Even if you don't fancy using a full framework (and I can quite understand that) I'd still really recommend you use an object wrapper such as WebOb to make your life easier. Using raw WSGI is fine as a learning exercise, but it gets pretty tedious once your application gets beyond trivial.

@tclodi, from the code in your original post, it looks like you import the application from login. Do you have a separate application for login and for report? If you do then you would need to do some sort of routing to the different applications. Our infrastructure assumes that the application imported into the wsgi file is the application that handles all the requests. I believe you can combine several WSGI applications into a single application, but I have never tried it.

@Cartroo Thanks for the answer! That makes sense

@glenn I have separate py files for different activities: on mod_wsgi, for example, I'd call /login.py for login, /report.py for the report, /update.py to update the records in the db, /action.py for miscellaneous actions and so on. So I understand I'll just have to add a small multiplexer to the handler. Maybe you could make it clearer somewhere? I just assumed it would work like mod_wsgi does. Thanks!

Sorry to be really pedantic, but it's not that it works much differently from mod_wsgi, the only difference is that you don't have control over the webserver configuration. This is because the webserver is a global front-end to all PA users and the devs clearly can't risk one user being able to affect service for other users by breaking the configuration. Effectively it's like a mod_wsgi that someone else has set up at the root and you can't change it (actually it's nginx rather than Apache, but that's pretty incidental).

Since most people are using a framework of some sort this isn't much of an issue, because they all have some sort of request routing functionality. Even for raw WSGI, putting in the trivial "routing app" isn't hard, but I agree that you first need to know that you need to do it.

I guess some sort of FAQ entry clarifying the fact that all WSGI apps are hosted at the root of the domain might prevent confusion - I'm just not sure whether it's something that's going to crop up commonly enough to be worth a FAQ, since it'll only effect fairly advanced users.

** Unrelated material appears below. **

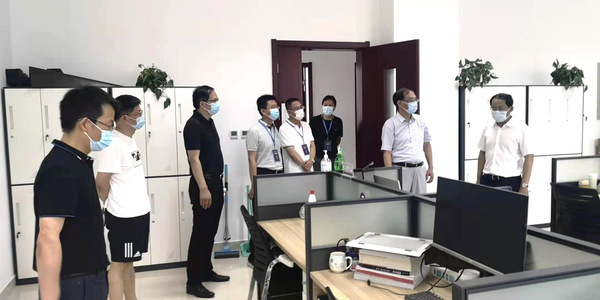 8月12日上午,学校疫情防控领导小组成员校长单忠德、校党委副书记刘宇雷、校长助理黄炳辉带领党政办、学工部、研工部、将军路校区管委会、后勤集团等部门和单位负责同志一行检查指导91直播 暑期疫情防控工作。
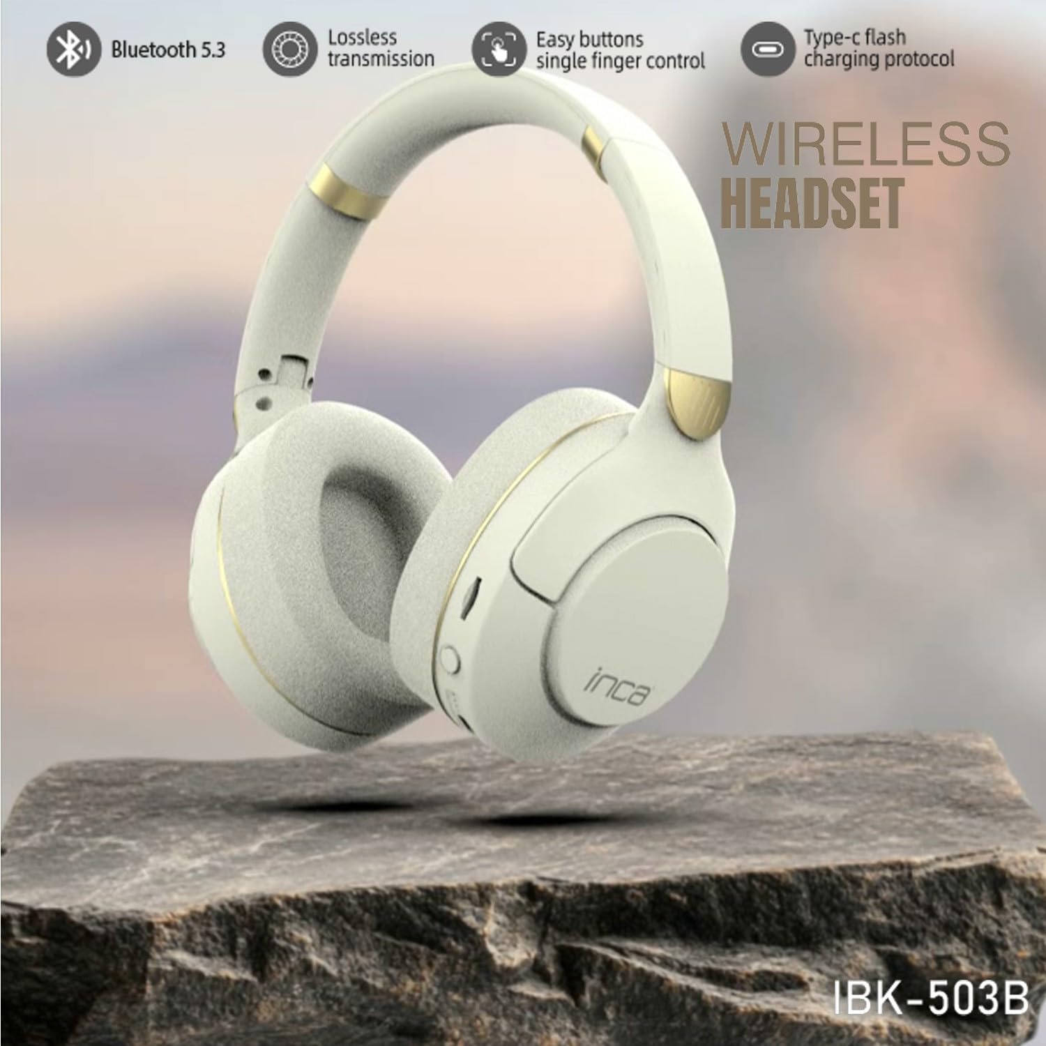 Inca IBK-503B Kablosuz 5.3 Bluetooth Hafıza Kart Destekli Kulak Üstü Kulaklık Beyaz 12 Saat pil ömrü 400Mah dahili Pil Arama Yanıtlama/Aramayı Sonlandırma/Ses Kontrolü/Duraklatma/Başlatma

That's not pedantic at all, I appreciate it. But I think there is a misunderstanding here: the difference I'm talking about is that with mod_wsgi, without touching the configuration, I can drop python files in the root directory and they will be executed when called with their url. Here, regardless of the url, the default py file will always be executed.

That definitely sounds odd. Would you mind if I took a look at your code to try to see what's going on?

Ahh, are you using WSGIScriptAlias to specify a directory instead of a file path? So it executes any .py file in that directory, a bit like CGI scripts? If so, that's not how I've used mod_wsgi in the past, I've always specified the path to an individual script file, which is used to serve all requests under that path.

This is more like how PA works, where you have a single entry-point for your whole domain. In my experience this is how most WSGI applications are set up, and many of the frameworks provide convenient request routing functionality so you can map URLs within your application rather than the WSGI middleware having to do it for you. Generally this makes your applications more portable since pretty much any WSGI hosting environment provides for a single entry-point, whereas the way of mapping URLs to many entry-points tends to vary quite a lot.

So yes, PA always executes the specified Python file. To do what you're hoping you'd need to have some sort of WSGI application which auto-loaded scripts from a directory yourself.

EDIT

For interest, I've had a quick stab at writing such a beast, using the Flask auto-generated WSGI file on PA as a starting point. Here's what I got:

"""Delegating WSGI application.

This application delegates the request to either a default application or one
of a set of "hook" scripts if they match the first path item.
"""

import errno
import imp
import os
import sys
import threading
import time

MIN_CHECK_TIME = 30

# Add your project and hooks directory to the path.
# (Leave initial entry alone on the assumption it's the current dir)
project_home = os.path.expanduser("~/mysite")
if project_home not in sys.path:
    sys.path.insert(1, project_home)
hooks_home = os.path.join(project_home, "hooks")
if hooks_home not in sys.path:
    sys.path.insert(2, hooks_home)

# Import "default" application to use in case no hooks apply.
from flask_app import app as default_application


class Hook(object):
    """Represents a hook script."""

    def __init__(self, name, path):
        self.name = name
        self.path = path
        self.last_used = 0
        self.mtime = 0
        self.app = None


    def get_app_func(self):
        """Return app function or None if no longer valid.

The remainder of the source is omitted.